_What the exercise asks_: The lines below, from the first through the one containing "多功能区四周用铁艺书架等进行", are to be given again exactly, with pictures left out and nothing added.

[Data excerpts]
*** Block opens ***

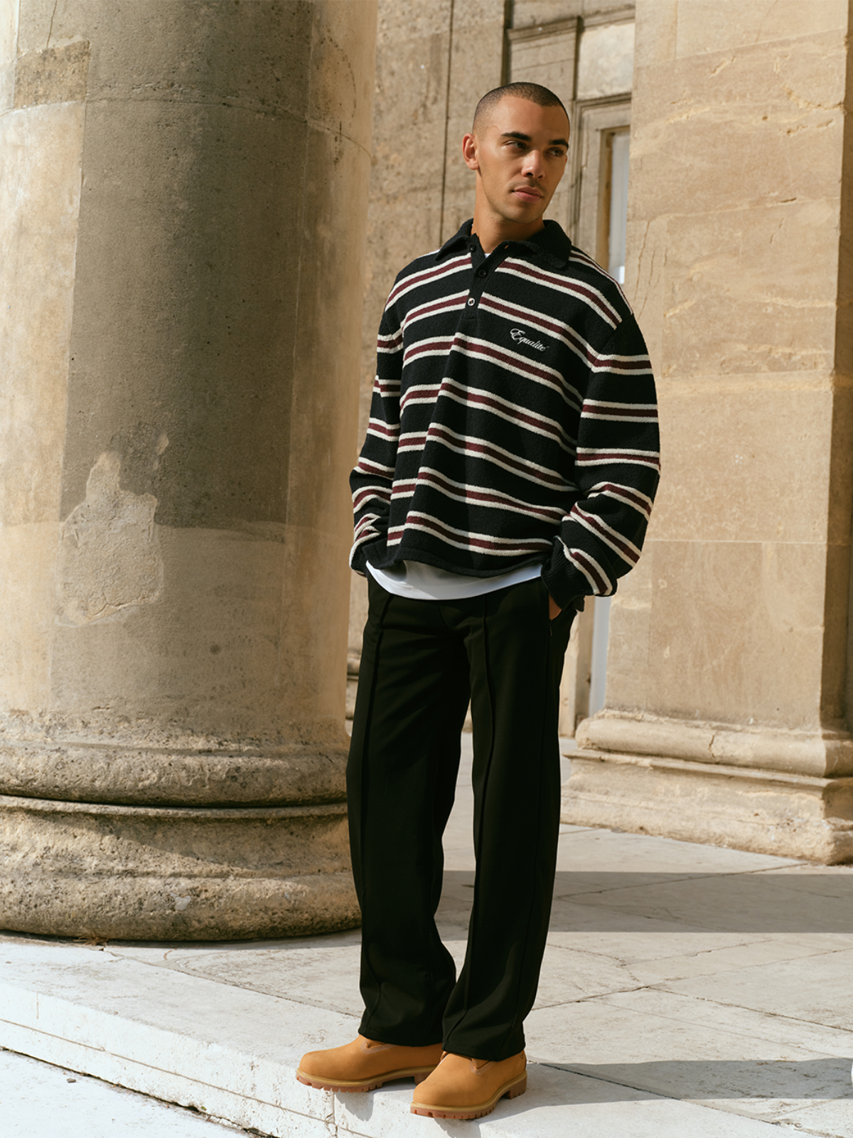 KNIT JERSEY LONGSLEEVE POLO BLACK
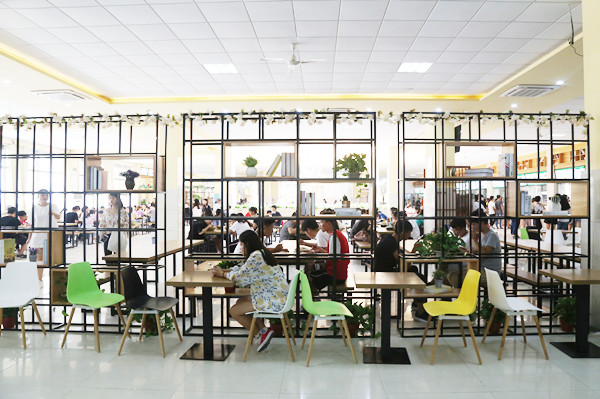 多功能区四周用铁艺书架等进行围合,设置了六边形的卡座,卡座中间还种植了一棵树,周围分布着多肉植物和绿植。“食堂设计得这么好,我感觉以后点外卖的次数都会少很多。”地理科学专业2017级的李小红说。
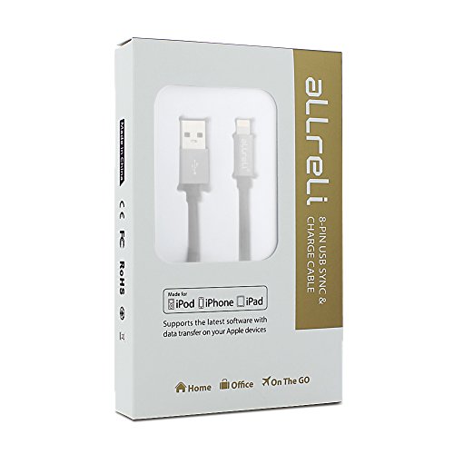 [Apple MFI Certified] aLLreLi 9.8ft Apple Lightning to USB Cable [Slim Fit Series] - Superior Quality Sync and Charging Lead, Perfect for iPhone 6 / 6 Plus / 5S / 5C / 5, iPad 4 / Air / Air 2 / Mini / Mini 2 / Mini 3, iPod 5th / nano 7th generation (
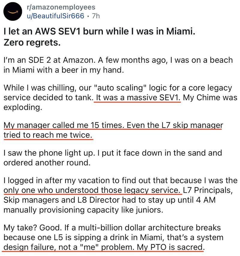 His take? Good. If a multi-billion dollar architecture breaks because one engineer is sipping a drink in Miami, that’s a system design failure, not a “me” problem. My PTO is sacred.
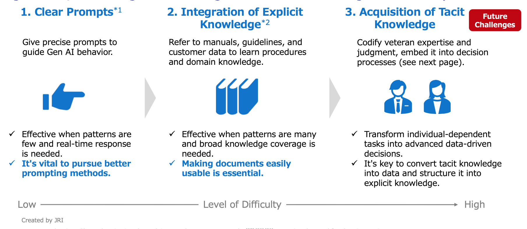 目前,AI的应用主要集中在两个层面:一是通过清晰的提示词(Prompts)来指导AI行为;二是通过检索增强生成(RAG)等技术(见该书第4章检索增强生成),将手册、指南和客户数据等显性知识与AI模型集成。这在处理有明确规范和广泛知识覆盖的场景中非常有效。
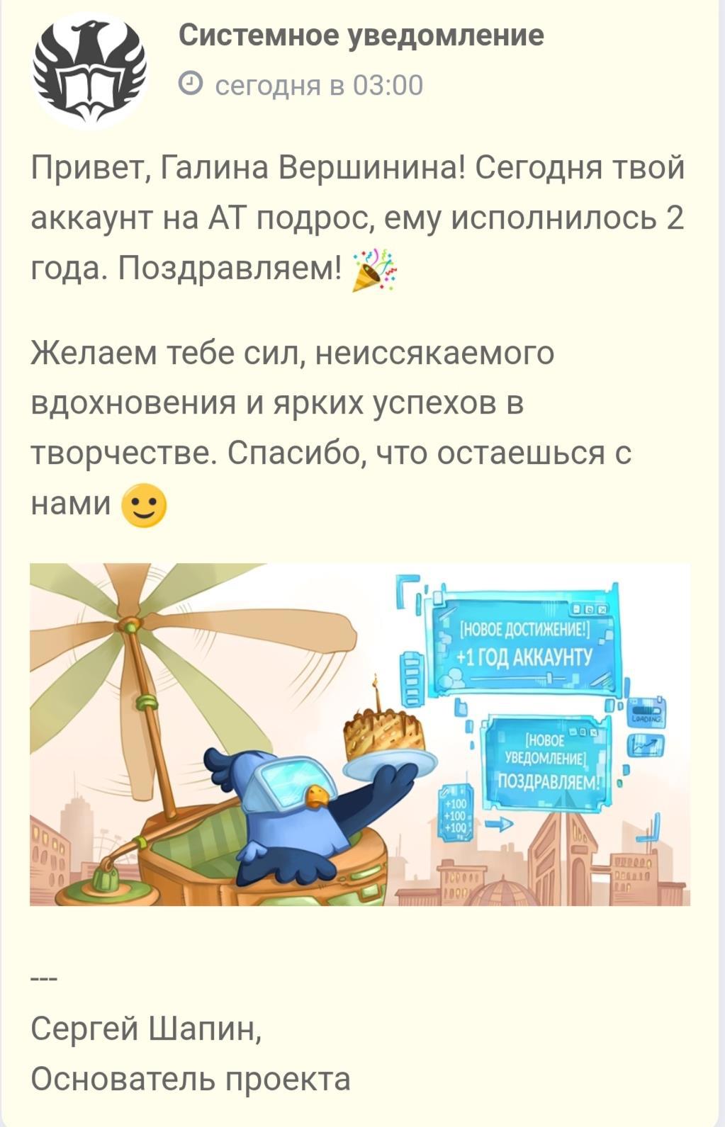 Автоматический Сергей Шапин поздравил меня сегодня с двухлетием на сайте!
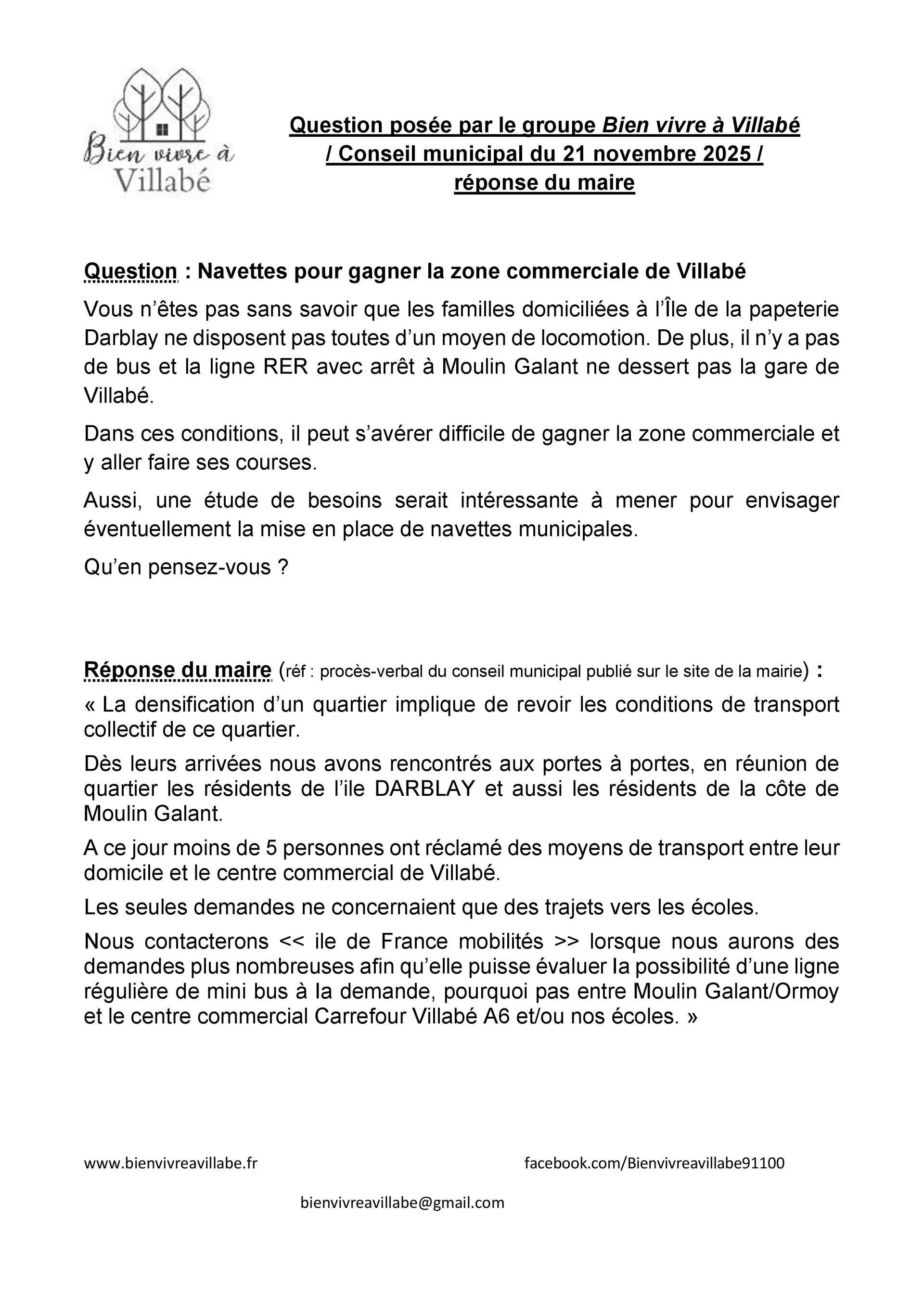 C’est pourquoi, si vous nous confiez la gestion de Villabé en mars 2026, nous proposerons de rouvrir ce dossier, de récolter des informations « Quoi ? Qui ? Où ? Quand ? Comment ? Combien ? Pourquoi ? » pour pouvoir être force de proposition auprès d’Île de France mobilités et/ou envisager des navettes municipales.

*** Block closes ***

_Exercise result_:
 KNIT JERSEY LONGSLEEVE POLO BLACK
 多功能区四周用铁艺书架等进行围合,设置了六边形的卡座,卡座中间还种植了一棵树,周围分布着多肉植物和绿植。“食堂设计得这么好,我感觉以后点外卖的次数都会少很多。”地理科学专业2017级的李小红说。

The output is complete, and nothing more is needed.